However, I had a very strong visceral dislike the central theme of fate as an invisible and nigh irresistible force pulling the characters around like some sort of cosmic puppet-master.  In particular, when matched with the obvious images of Hitler and the National Socialists (apparently arising out of a Great Depression American Despotism), I felt quite angry at the implication that somehow human beings were not responsible for their own actions, and that the Nazi's somehow spawned out of a demonic "other-ness" out of nowhere, and that the only thing to save us was apparently some sort of angelic superhero that also came out of nowhere.  In a way this kind of predestination pretty much absolves everyone in the story from any sort of real guilt or merit.  Nobody was evil, not even the "Master", since he was apparently just a pawn of evil.  By corrolary, nobody was good either, not even Alice May, since she was just the body that happened to hold the guns.  It's a terribly pessimistic and depressing universe to live in.

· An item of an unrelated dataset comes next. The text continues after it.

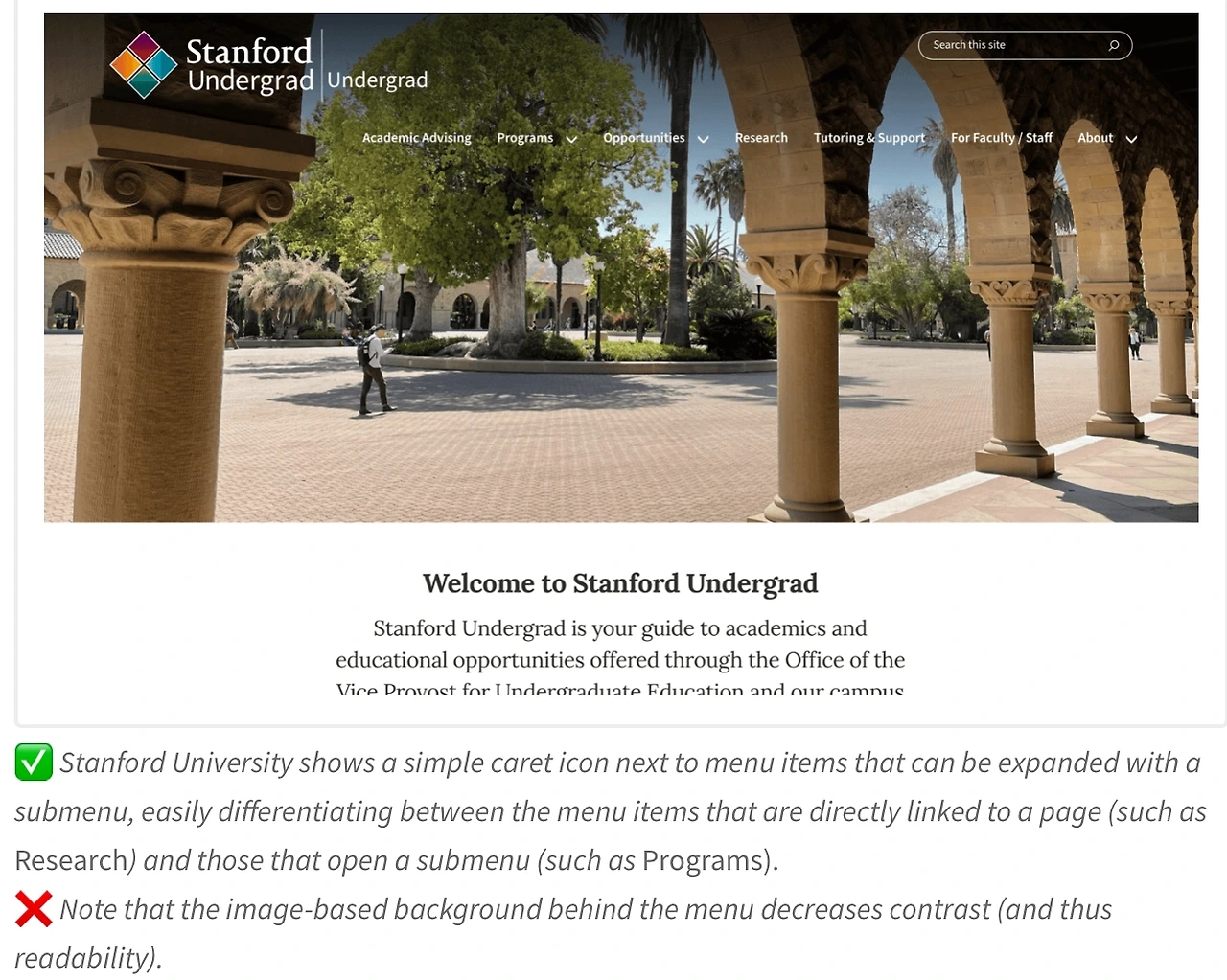 이 표시기는 직접 새 페이지로 이동하는 주요 내비게이션 항목과 서브메뉴로 확장되는 항목을 구분하는 데 도움을 준다. 만약 카테고리 이름이 클릭(또는 탭) 가능한 것처럼 보이지 않으면, 사용자는 서브메뉴가 있다는 사실조차 알아차리지 못할 수 있다.

More over, I think it's implication about the real-world Hitler and Nazi-ism is both short-sighted and dangerous.  Opinions differ of course, but reading about atrocities like those perpetrated during WW2 (or more recently in Rwanda), my take-away was that it's not demons or monsters, or "evil" that performed those deeds.  Perfectly normal people (like you or me) made the rational decision to kill their acquaintances and neighbors.  Other perfectly normal people (also like you or me) made a rational decision to risk their own lives to try to save those people.  That's perhaps the scarier truth.  After all, if the universe was full of random irresistible forces pulling us every which way, then why bother to take responsibility for anything?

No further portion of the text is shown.